If someone would still have doubts, I can say that we build chess playing programs that will beat any human. How far are we on programming programs? Ok, Chess is indeed a lower bound. Programming is at least as hard as Chess. It might be a lot harder, but that is too hard to prove, so I’ll settle for ‘at least as hard’.
About Chess
Let’s talk about Chess some more. It is actually quite a mature game. The first professional supposedly was Abu-Bakr Muhammad ben Yahya as-Suli (854-946). He was the strongest player of his time, and author of a book describing a systematic way of playing Shatranj. Apparently, in the Arab World, one can still occasionally hear the complement “he played like Yahya as-Suli”. But he played one of chess’s predecessors.
Modern chess has been around for more than half a millenium, and people are quite surprised to learn that some of the standard manoeuvres have been around that long.
For example, every chess player knows the Lucena position shown below
which is attributed to Luis Ramirez de Lucena, who wrote a chess book published in 1497 (you read correctly: 1497!).
There are a great many chess books around.

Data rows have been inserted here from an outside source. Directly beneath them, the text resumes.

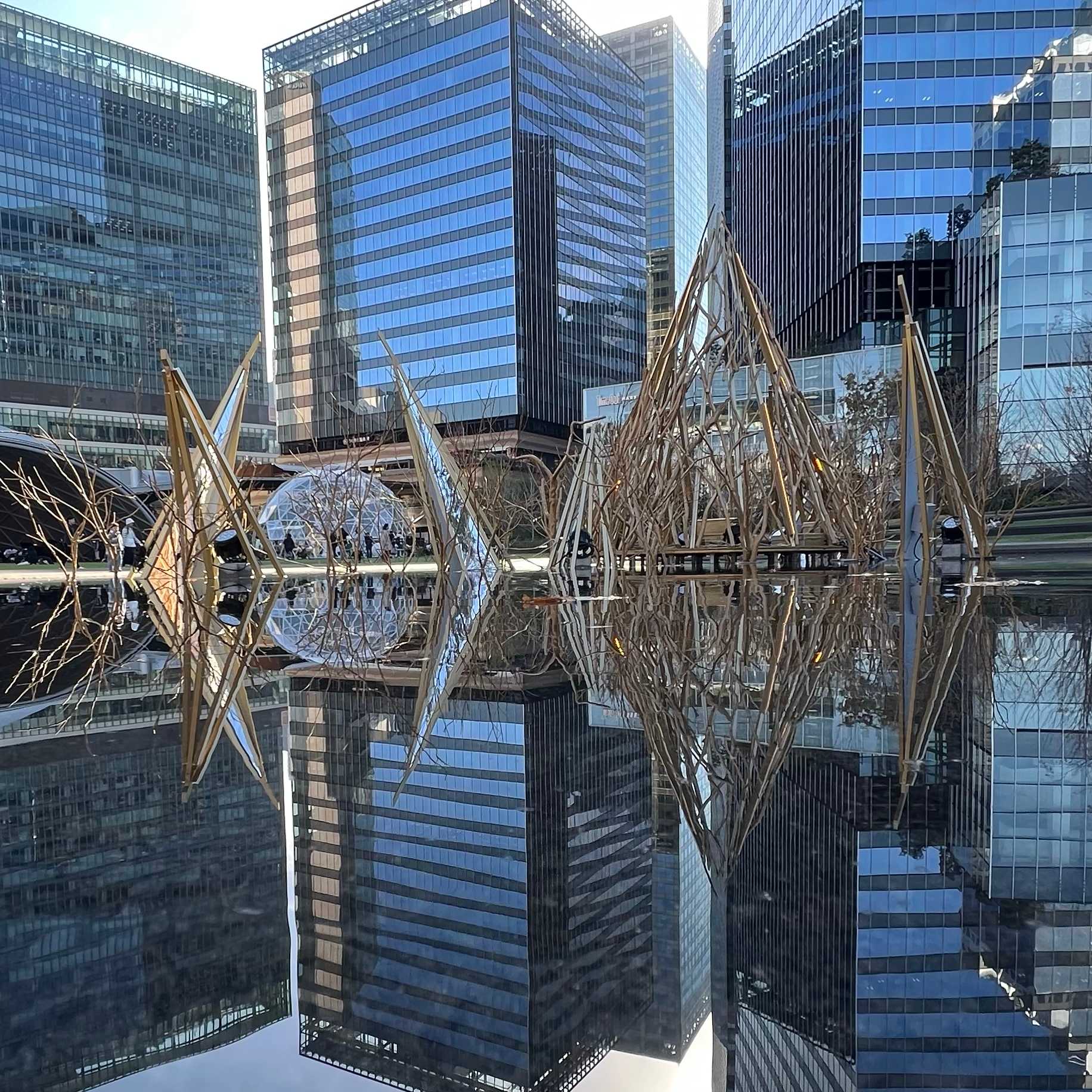 都市のど真ん中に浮かび上がる“揺らめく炎”の光と、焚火を囲んでいるような音楽で、来街者のまなざしを惹きつけ、体感温度を上げる、象徴的な存在
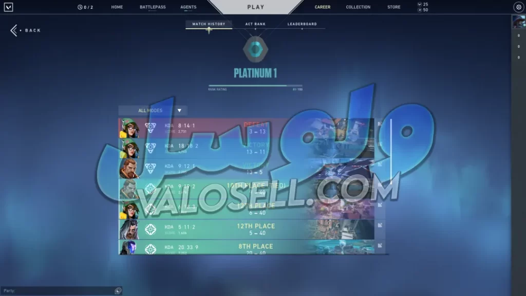 اکانت ولورانت رنک Platinum 1 کد 2713
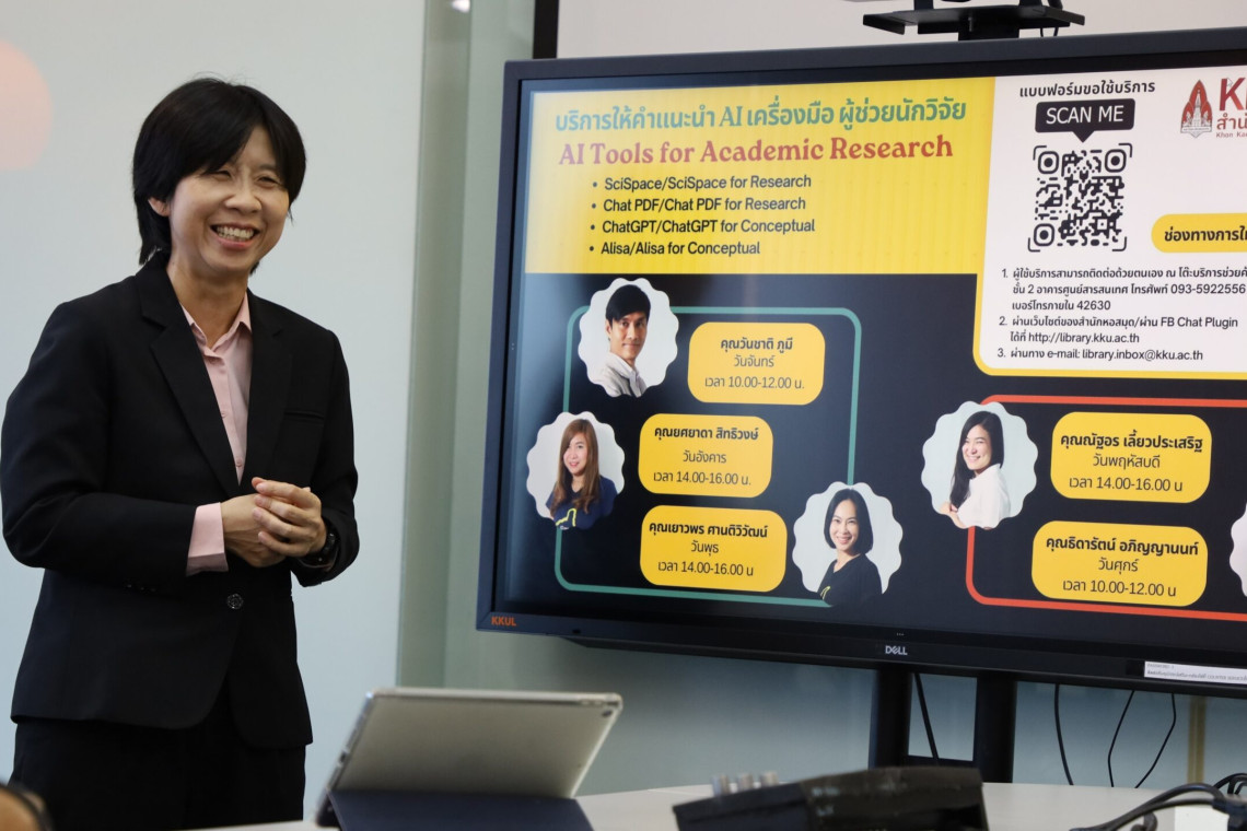 “สำนักหอสมุด มหาวิทยาลัยขอนแก่น มีคอร์ส Learning Program ที่จะสอนวิธีการใช้เทคโนโลยีสารสนเทศและ AI ควบคู่ไปการเปิดคลินิก AI คอยให้คำปรึกษาแนะนำการใช้งาน AI รวมถึงเครื่องมือป้องกันการคัดลอกผลงานของบุคคลอื่นและเครื่องมือตรวจจับข้อความที่สร้างด้วย AI ในทุกวันจันทร์ - ศุกร์ เพื่อให้บริการเชิงลึกอย่างครบวงจร”

Google books answers intitle:chess with more than 200000 results. Only a minority of these books concern beginners as most of these target club players and above. It’s also funny to note that such a limited game is rich enough for lot of new books to be published every year.
About Chess Players
One of the interesting things about chess is that every player has an elo rating. This allows you to see exactly how good a player is, and it allows you to calculate the odds of a player winning a game against another player. Fide keeps records of the ratings, and has an online database you can browse. For example, let’s take two of the best players in the world, and compare them.Top dog Magnus Carlsen currently has a rating of 2835. If he’d play the number one US player Hikaru Nakamura, who currently has a rating of 2759, he will score about 0.60, or score about 6 points in a 10 game match.
import math def expected(r_a,r_b): d = r_b - r_a e = d / 400.0 n = 1 + math.pow(10,e) return 1.0/n print expected(2835, 2759)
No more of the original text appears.